A gauge of Hong Kong's bank funding costs spiked to its highest level in more than a month this week, as investors and financial institutions stashed away cash in anticipation of a massive secondary listing by Alibaba Group Holding in the city.
Alibaba, the parent company of the South China Morning Post, won approval this week to sell up to US$15 billion of shares on the Hong Kong stock exchange, five years after it chose New York over the city for a record US$25 billion initial public offering. The listing would the biggest globally this year, beating Uber Technologies' US$8.1 billion IPO in New York in May.
The one-week Hong Kong interbank offered rate (Hibor) jumped 63 basis points to 1.92 per cent on Monday and stood at 2.57 per cent on Wednesday.

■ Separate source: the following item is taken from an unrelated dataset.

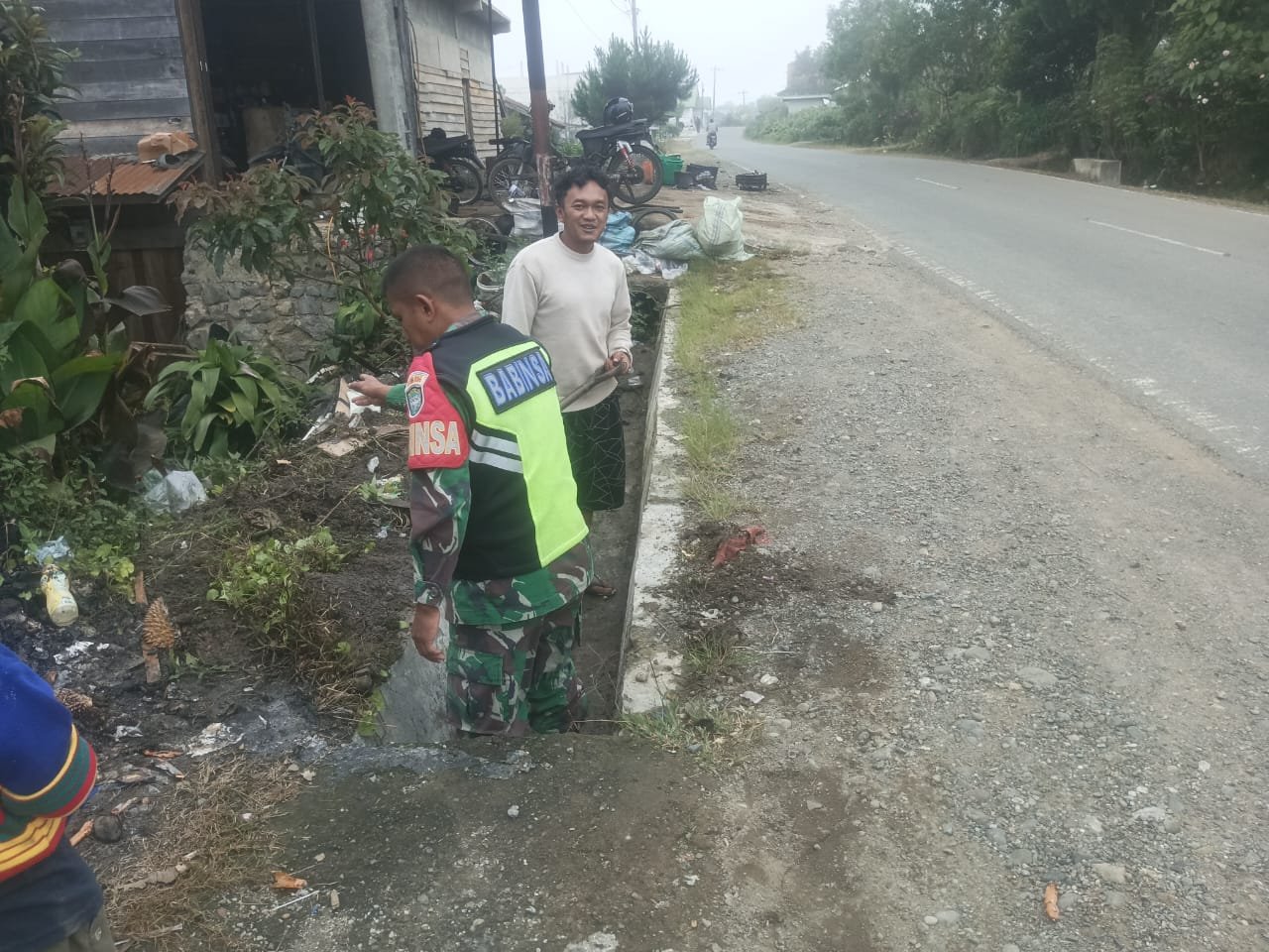 Babinsa Koramil 07/Atu Lintang, Kodim 0106/Aceh Tengah, Serda Zikran Sahadat bersama warga melaksanakan kegiatan gotong royong pembersihan saluran air atau parit di Desa Merah Mege, Kecamatan Atu Lintang, Kabupaten Aceh Tengah, Minggu (11/1/2026).

The one-week Hibor had not topped 2 per cent since September 30 when Budweiser Brewing Company APAC's shares debuted following its US$5.8 billion IPO. At the time, the Budweiser IPO was the biggest offering on the Hong Kong stock exchange this year.
The two-week Hibor rose 58 basis points to 2.09 per cent on Monday, its highest level since the end of September. It topped 2.64 per cent on Wednesday.

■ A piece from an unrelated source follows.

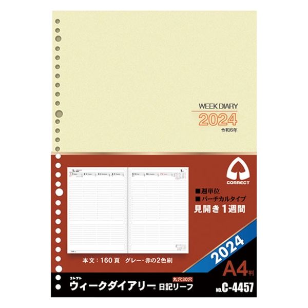 コレクト 日記リーフ ウィーク A4 30穴 C-4457(2024) 2冊(直送品)
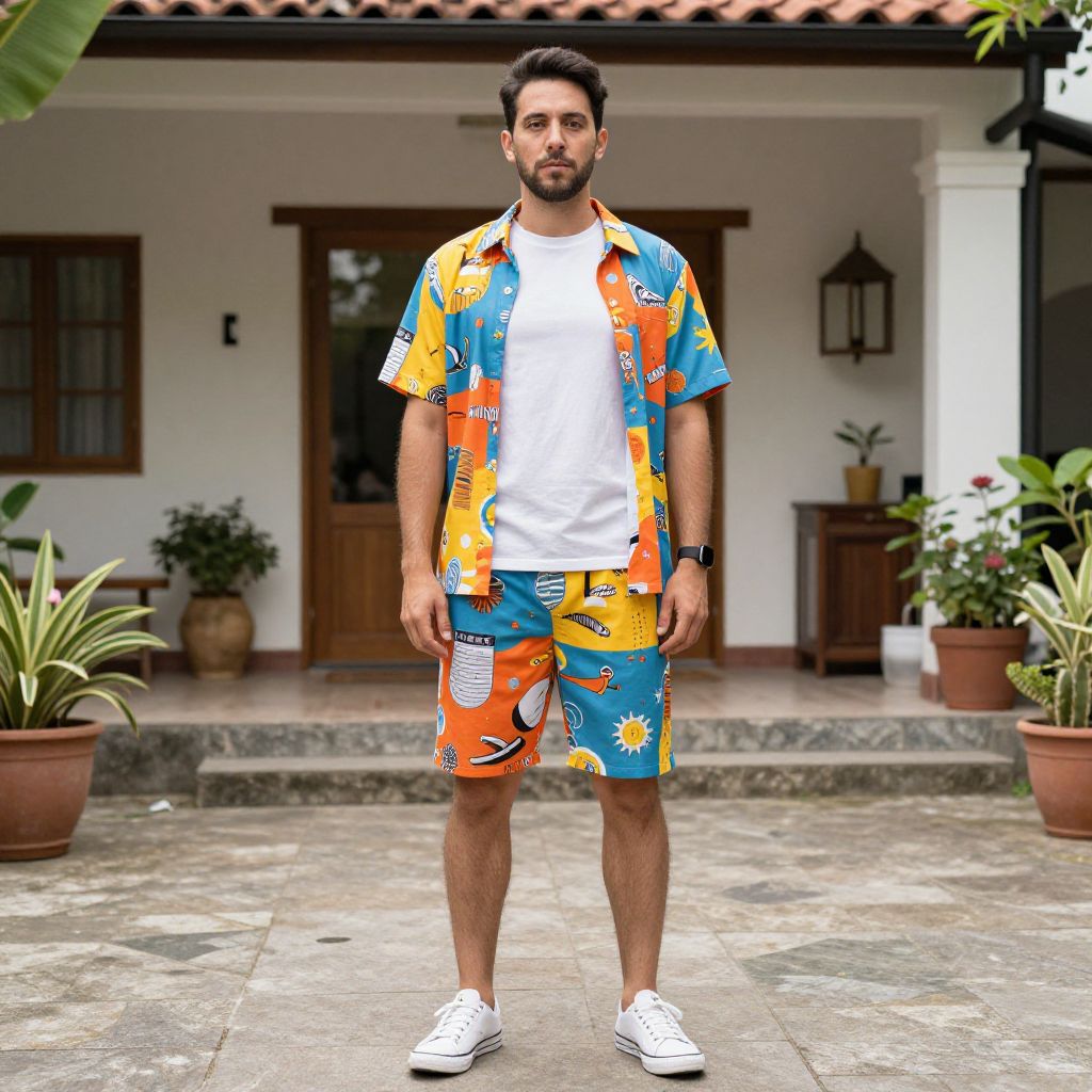 Photograph of a bearded man standing outdoors in front of a white building with a tiled roof. He wears a colorful, short-sleeve Hawaiian shirt with orange, blue, and yellow patterns, paired with matching blue and orange shorts, and white sneakers. He has a medium build, dark hair, and a watch on his left wrist. The background includes potted plants on either side, a wooden door, and a lantern. The stone-paved ground is visible, and the scene is brightly lit with natural daylight.

DBS economist Samuel Tse said the recent spike in the Hibor was driven partly as a result "of banks, of financial institutions, of investors holding their money" to prepare for the Alibaba listing.
"The Alibaba IPO is a giant IPO," Tse said. "That will tighten liquidity."

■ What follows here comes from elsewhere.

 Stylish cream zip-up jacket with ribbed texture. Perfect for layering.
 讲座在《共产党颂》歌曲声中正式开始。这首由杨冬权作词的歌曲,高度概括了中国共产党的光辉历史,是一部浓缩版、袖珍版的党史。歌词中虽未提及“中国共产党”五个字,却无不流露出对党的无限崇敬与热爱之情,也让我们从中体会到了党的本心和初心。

The Hong Kong dollar also strengthened this month to 7.83075 per US dollar on Wednesday. The currency is pegged to the US dollar and typically trades in a band of between 7.75 and 7.85 against the US dollar.
Alibaba's listing is expected to raise between US$10 billion and US$15 billion and give an untapped pool of investors in Asia, including those in mainland China, access to the technology and e-commerce company's stock for the first time. It is expected to debut on the Hong Kong stock exchange later this month.
The company plans to retain its US listing, but hopes a listing closer to home will allow it to achieve a higher valuation as its customers will be able to invest directly in the stock, according to a person familiar with Alibaba's motivation.
The listing is a boost to Hong Kong Exchanges and Clearing, the city's bourse operator, in its annual battle with the New York Stock Exchange and Nasdaq for the title of top fundraising market globally. It comes after months of protests and civil unrest in Hong Kong have weighed on the city's economy and caused some companies to delay listings earlier this year.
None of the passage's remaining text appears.